7. PowerWorld B7Flat_Eqv Example
Original Ybus

8. PowerWorld B7Flat_Eqv Example
Note Yes=Yse' if no phase shifters

9. PowerWorld B7Flat_Eqv Example
Comparing original and equivalent
Only modification was a change in the impedance between buses 2 and 5, modeled by adding an equivalent line

10. Contingency Analysis Application of Equivalencing
One common application of equivalencing is contingency analysis
Most contingencies have a rather limited affect
Much smaller equivalents can be created for each contingent case, giving rapid contingency screening
Contingencies that appear to have violations in contingency screening can be processed by more time consuming but also more accurate methods
W.F. Tinney, J.M. Bright, "Adaptive Reductions for Power System Equivalents," IEEE. Trans Power, May 1987, pp

11. New Applications in Equivalencing
Models in which the entire extent of the network is retained, but the model size is greatly reduced
Often used for economic studies
Mixed ac/dc solutions, possibly with an equivalent as well
Internal portion is modeled with full ac power flow, more distant parts of the network are retained but modeled with a dc power flow, rest might be equivalenced
Attribute preserving equivalents
Retain characteristics other than just impedances, such as PTDFs; also new research looking at preserving line limits

12. Iterative Methods for Solving Ax=b
In the 1960s and 1970s iterative methods to solve large sparse linear systems started to gain popularity
The interest arose due to the development of new, efficient Krylov subspace iteration schemes that were in many cases more appropriate than the general purpose direct solution software codes
Such schemes are gaining ground because they are easier to implement efficiently on high-performance computers than the direct methods
GPUs can also be used for parallel computation

13. References
The good and still free book mentioned earlier on sparse matrices is Iterative Methods for Spare Linear Systems, by Yousef Saad, 2002, at www-users.cs.umn.edu/~saad/IterMethBook_2ndEd.pdf
Y. Saad, "Numerical Methods for Large Eigenvalue Problems," 2011, available for free at
R.S. Varga, “Matrix Iterative Analysis,” Prentice Hall, Englewood Cliffs, NJ, 1962.
D.M. Young, “Iterative Solution of Large Linear Systems,” Academic Press, New York, NY 1971.

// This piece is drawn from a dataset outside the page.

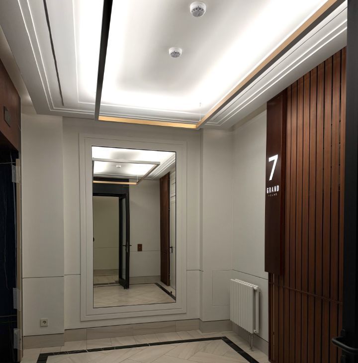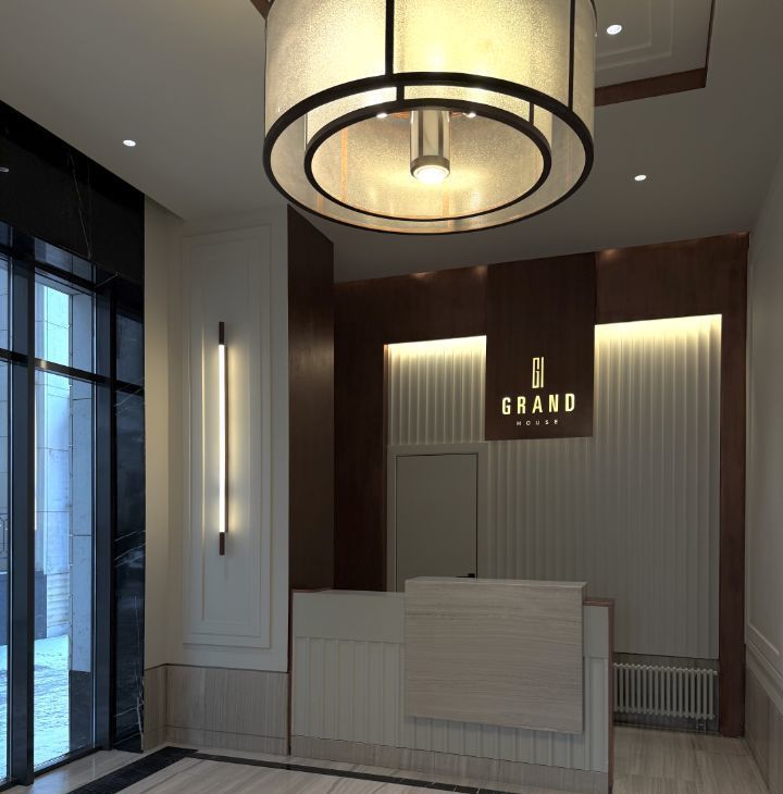 ЖК Grand House-клубный дом премиум класса. Закрытая охраняемая территория. В каждой секции дома дизайнерские лобби с потолками более 4х метров. Центральный ресепшен с отдельной переговорной комнатой, зоной для работы и встреч вне дома, спортивного зала с душевой.

14. Krylov Subspace Outline
Review of fields and vector spaces
Eigensystem basics
Definition of Krylov subspaces and annihilating polynomial
Generic Krylov subspace solver
Steepest descent
Conjugate gradient
Arnoldi process

15. Basic Definitions: Fields
A field F is a set of elements for which the operations of addition, subtraction, multiplication, and division are defined
The following field axioms hold for any field F and arbitrary a,b,g  F
Closure : a + b  F and a  b  F
Commutativity: a + b = b + a, a  b = b  a
Associativity: (a + b) + g = a + (b + g), (a  b)  g = a  (b  g)
Distributivity of multiplication: a  (b + g) = (a  b) + (a  g)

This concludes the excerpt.